*DATA BLOCK*:
※ ※ ※

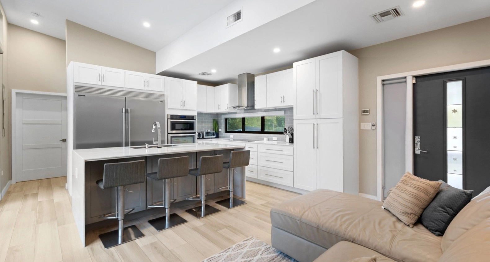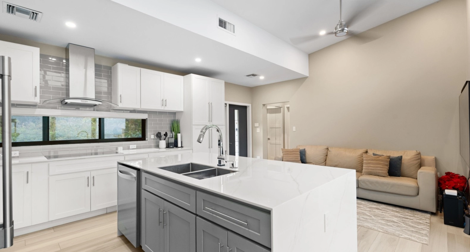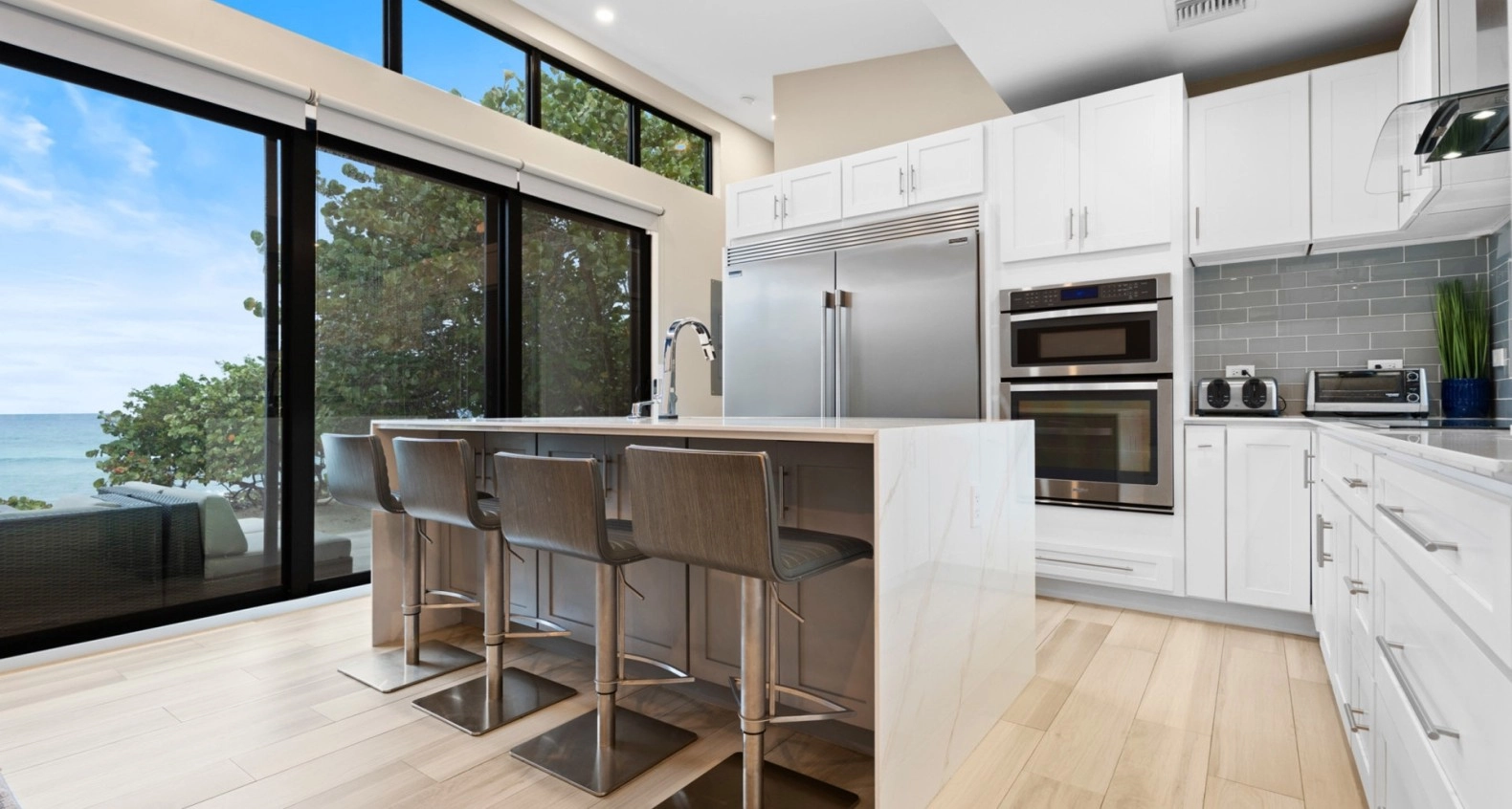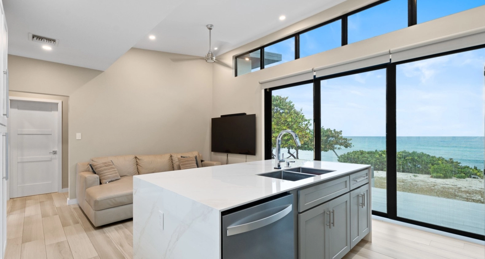 The guest house was constructed in 2019 with an emphasis on attention to detail, and modern style in mind. Spanning 1,014sq ft of interior space, with an additional 661sq ft of tiled concrete front and back patios, the 2 Bed 1.5 Bath home provides an indoor/outdoor living style with breathtaking views of the Caribbean Sea.
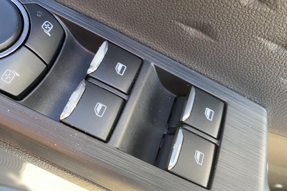 The fit and finish felt mostly ok and the solidity ditto, although I did notice peeling plastic on the door window switches that was disappointing to find on such a new vehicle. This is pictured in the gallery above.
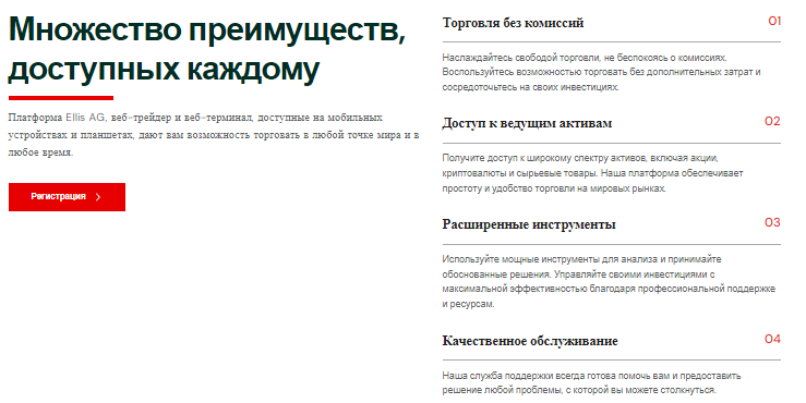 Работа брокерской компании обеспечивает трейдеров возможностью проводить биржевую торговлю. Однако одного этого условия мало, чтобы такая фирма могла рассчитывать на постоянный приток клиентов. Спекулянтов сегодня интересует всесторонняя поддержка и помощь при ведении операций. Фирма Ellis AG обещает кроме этого, еще целый ряд преимуществ. Что стоит на самом деле за подобной активностью, покажет проверка.

※ ※ ※

*WHAT THE EXERCISE ASKS*:
From the line that contains "The fit and" to the end of the listing, give every line again exactly as written. Leave the pictures out.

*SOLUTION TO THIS TASK*:
 The fit and finish felt mostly ok and the solidity ditto, although I did notice peeling plastic on the door window switches that was disappointing to find on such a new vehicle. This is pictured in the gallery above.
 Работа брокерской компании обеспечивает трейдеров возможностью проводить биржевую торговлю. Однако одного этого условия мало, чтобы такая фирма могла рассчитывать на постоянный приток клиентов. Спекулянтов сегодня интересует всесторонняя поддержка и помощь при ведении операций. Фирма Ellis AG обещает кроме этого, еще целый ряд преимуществ. Что стоит на самом деле за подобной активностью, покажет проверка.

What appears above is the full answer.